In aller Deutlichkeit weisen wir die Darstellung der damals verantwortlichen Redakteure zurück, wonach diese Schlagzeile "witzig gemeint" gewesen sei. Auch deren nachträglicher Hinweis, dass Konkurrenzmedien am damaligen Tage unter den Schlagzeilen "S-Bahn muss Fahrplan weiter ausdünnen"bzw. "Die Hälfte aller S-Bahn-Züge fällt aus" (Berliner Morgenpost) wesentlich "weniger weitblickend" berichtet hätten, kann diese Fehlleistung nicht erklären. (Berliner Zeitung)
Um weiteren Schaden zu verhindern, rufen wir dringend alle noch im Betrieb befindlichen Ausgaben der taz vom 8. Juli 2009 mit diesem Titel zurück.
Die Exemplare werden umgehend - spätestens jedoch bis Weihnachten 2017 - in unseren Werkstätten repariert und können anschließend in gewohnt zufriedenstellender Weise selbst in fahrenden Zügen der S-Bahn gelesen werden.
Wir bitten, die Unannehmlichkeiten zu entschuldigen.
Mit freundlichen Grüßen,
die Berlin-Redaktion der taz
Technische Ausfälle im Winter sind nichts Neues, auch vor einem Jahr gab es 3.000 Zugausfälle und 5.000 Verspätungen.

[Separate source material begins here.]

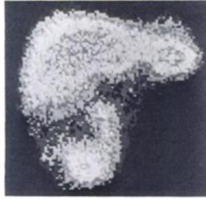
FIG. 2. Second TcSC scan. Note colloid uptake in left upper abdomen and right lower abdomen.

Splenectomy was performed, followed by an uneventful recovery.

Doch damals habe man die Zugausfälle noch mit Ersatzfahrzügen kompensieren können, erklärte der Sprecher der S-Bahn. Durch die neuen Sicherheitsauflagen des EBA müssten die Züge derzeit alle sieben Tage in der Werkstatt kontrolliert werden: "Wir haben keinerlei Puffer an Ersatzzügen mehr."
In den vergangenen Tagen seien zwischen 720 und 760 Wagen in Berlin unterwegs gewesen, so der S-Bahn-Sprecher. Eigentlich sollten es wie schon im November 858 sein. Für den Normalbetrieb sind nach S-Bahn-Angaben 1.100 Wagen nötig.
Landespolitiker werteten die Entscheidung des EBA als deutliche Mahnung. SPD-Verkehrsexperte Christian Gaebler sprach von einer "Misstrauenserklärung gegenüber der Deutschen Bahn AG", zu der die S-Bahn gehört. Er forderte die Entlassung des DB-Vorstands für Personenverkehr Ulrich Homburg.
Die Opposition will hingegen, dass noch ganz andere Köpfe rollen: Die FDP verlangte am Dienstag den Rücktritt von Verkehrssenatorin Ingeborg Junge-Reyer (SPD). Die Senatorin trage die politische Verantwortung für das S-Bahn-Chaos und habe "mehrfach und wiederholt versagt", erklärte FDP-Fraktionschef Christoph Meyer.
Für die Kunden bedeuten die aktuellen Ausfälle im S-Bahn-Verkehr vor allem eines: Sie müssen in der Kälte warten. Betroffen sind unter anderem (und ohne Gewähr) die folgenden Linien: Die S3 fährt nur zwischen Erkner und Ostbahnhof, die Ringbahn S41/42 nur im 10-Minuten-Takt, und die S9 verkehrt nur zwischen dem Flughafen Schönefeld und Treptower Park. Auf den Linie 2, 5 und 75 fahren die Züge nicht immer die komplette Linie.
Wie lange diese Einschränkungen dauern werden, sei unklar, erklärte der S-Bahn-Sprecher. Die Rückkehr zum Normalverkehr ist damit wieder in ferne Zukunft gerückt.